Predict Through UDF in SQL

This section explains how to run the prediction model from the Exasol native environment in the SQL development tool.

The model can be deployed using a UDF that dynamically executes R code. This is similar to what is described in Train and Predict in Exasol, except for the way you get the data from the database via the context object ctx.

For more details on R UDFs, see R.

-- 1. Create prediction function
CREATE OR REPLACE R SET SCRIPT r_demo.predict3(...) EMITS (id INT, RealValue DOUBLE, Prediction DOUBLE) AS

# Load library
library(randomForest)

# Get number of columns
numCols <- exa$meta$input_column_count

# Create empty list with length numCols
l = vector("list", numCols)

run <- function(ctx) {

  # Load the model from the bucket
  rf_model = readRDS("/buckets/bucketfs1/bucket1/rf_model")

  # ...or depending on the file type
  #load("/buckets/bucketfs1/bucket1/rf_model.dat")

  # Split input into modest sized chunks, this can be adjusted for memory consumption
  repeat{
    if (!ctx$next_row(1000000))
        break

  # Populate list with data columns
  for (i in 1:numCols){

        l[[i]] <- ctx[[i]]()

  }

  # Convert to data.frame for modeling
  df = as.data.frame(l)

  # Set the column names

  # From the model object, note: model/scenario specific
  # the_colnames <- names(rf_model$forest$xlevels)
  # colnames(df) = the_colnames

  # Assign manually, note: not dynamic
  # Note: case sensitive when using double quotes
  colnames(df) <- c("id", "crim", "zn", "indus", "chas", "nox", "rm",
  "age", "dis", "rad", "tax", "ptratio", "b", "lstat", "medv", "split")

  # Get predictions
  prediction   <- predict(rf_model, newdata = df)

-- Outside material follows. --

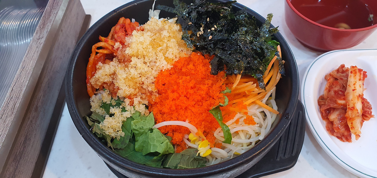 그리고 마지막으로 주홍색과 흰 노랑빛의 화려한 색감의 날치알을 화룡정점 듬뿍 얹어 나온다. 여기에 각자 취향에 맞게 고소한 참기름과 초고추장을 적당히 넣고 이리비비고 저리 비벼 한 입 입에 가득 넣으면 날치알 특유의 '툭~툭~' 터지는 식감이 첫 숟가락부터 "그래 바로 이 맛이야'가 저절로 나올 정도로 무릎을 탁 치게 만든다.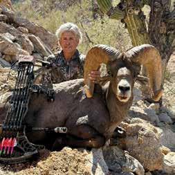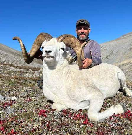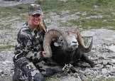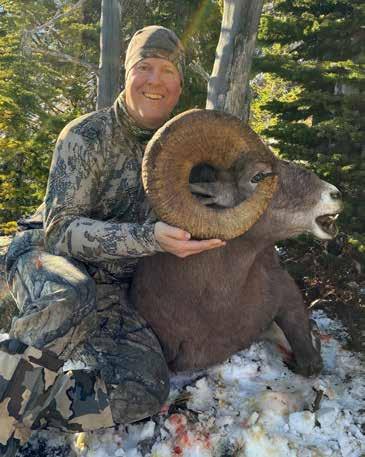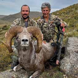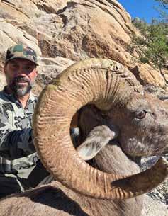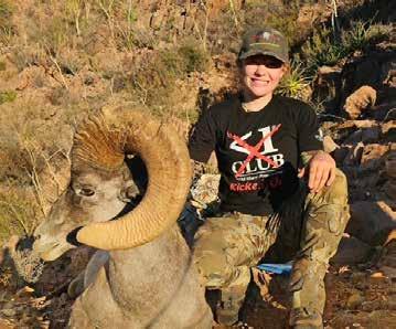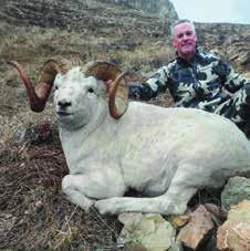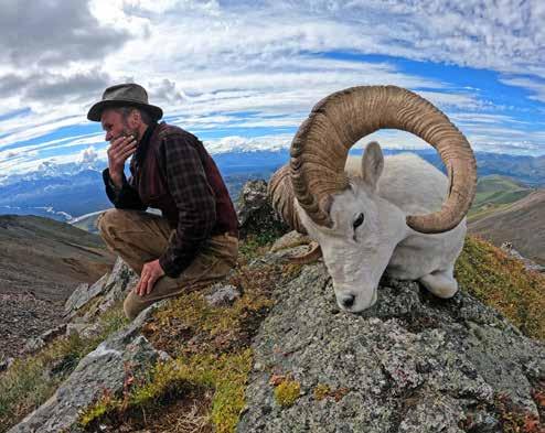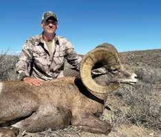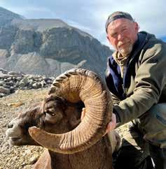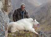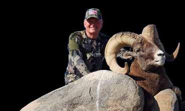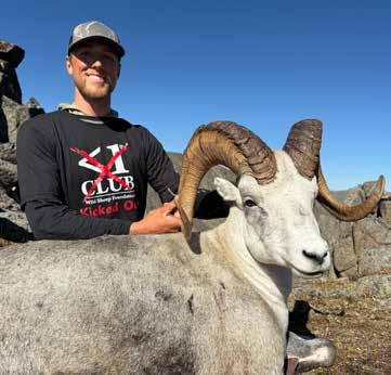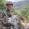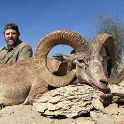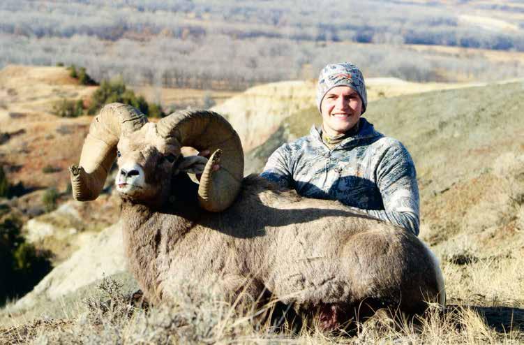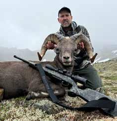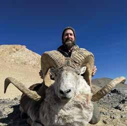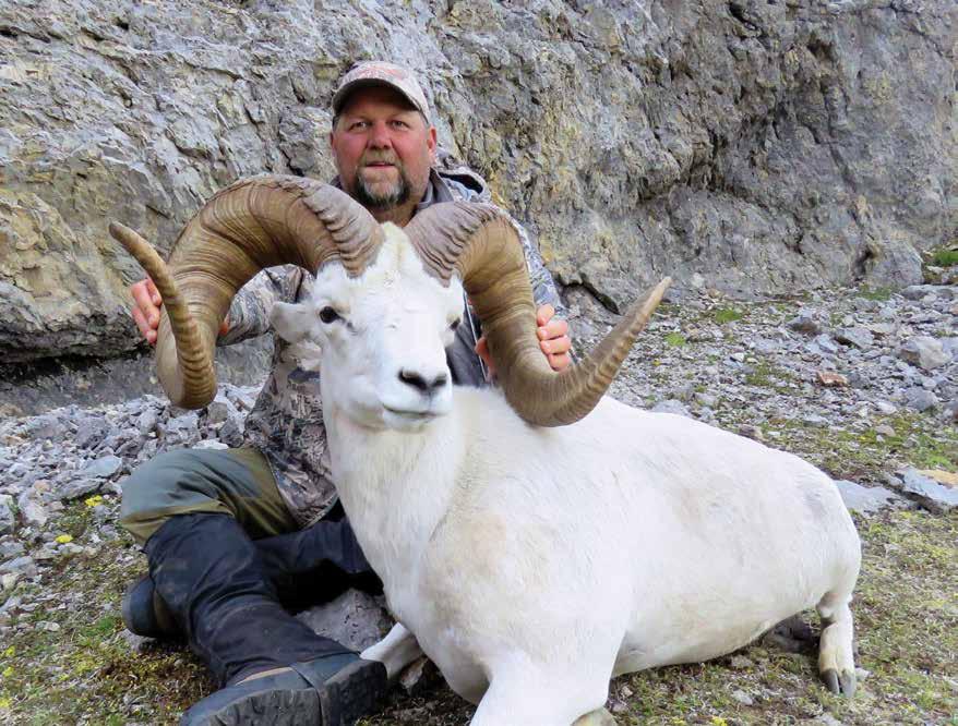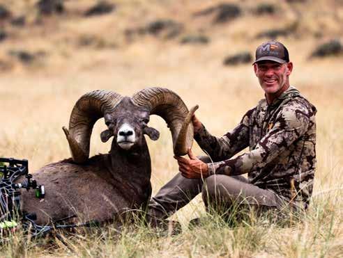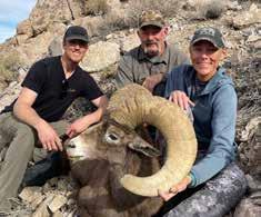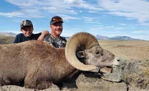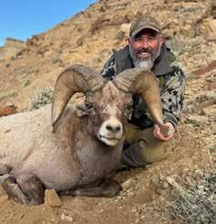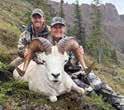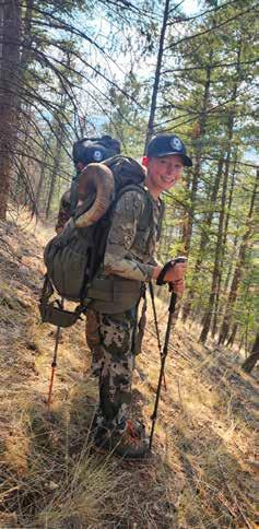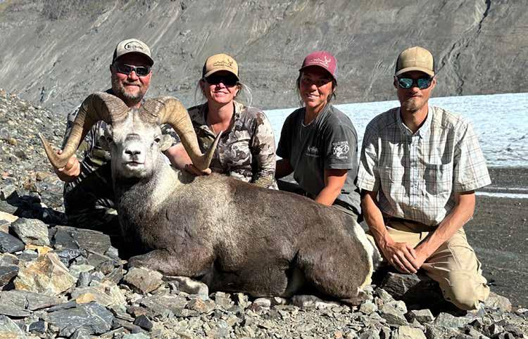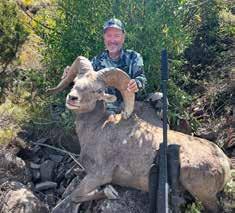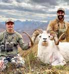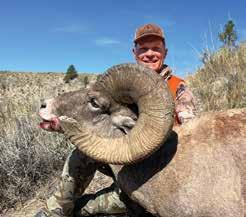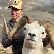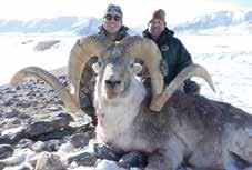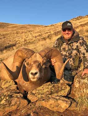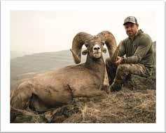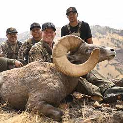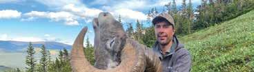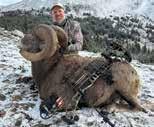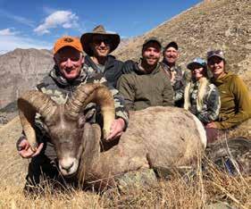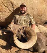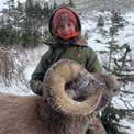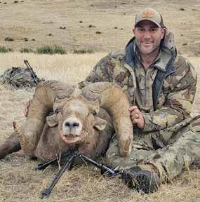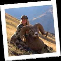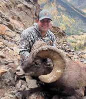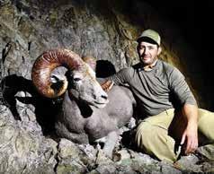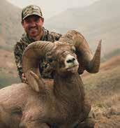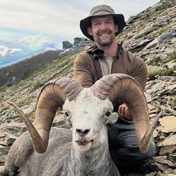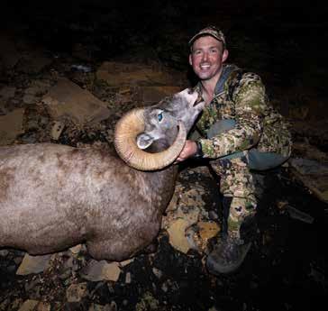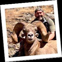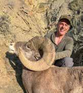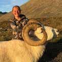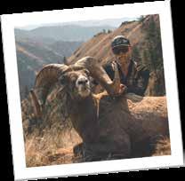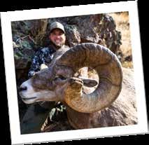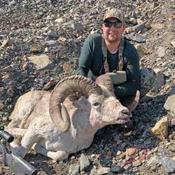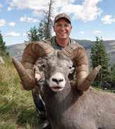the mountain to ensure that there wasn’t a blood trail following the ram. Around halfway up the next boulder field, I decided to investigate the chute he walked through with my binoculars. Something had caught my eye as I did. Being uncertain that what I had spotted was just a miscolored rock or an illusion, I asked my guide to use his spotting scope for a better view. Without a sliver of hope, I sat there and waited for his response which was, “I’m sorry to tell ya Jess...” Instantly I responded, “It is a rock isn’t it?” With a grin from ear to ear he said, “You got yourself a ram.”

  # Output ids, real values and predicted ones
  ctx$emit(df$id, df$medv, prediction)
  }
}
/

-- 2. Run prediction function
SELECT r_demo.predict3(id,crim, zn, indus, chas, nox, rm, age, dis, rad, tax, ptratio, b, lstat, medv, split)
FROM   r_demo.boston_housing
WHERE  split = 'Test'
GROUP  BY IPROC()         -- Node number for data locality
        , MOD(ROWNUM, 5) -- Number of processes per node
ORDER  BY id;

The UDFs you created are saved in your schema and can be accessed using an SQL client.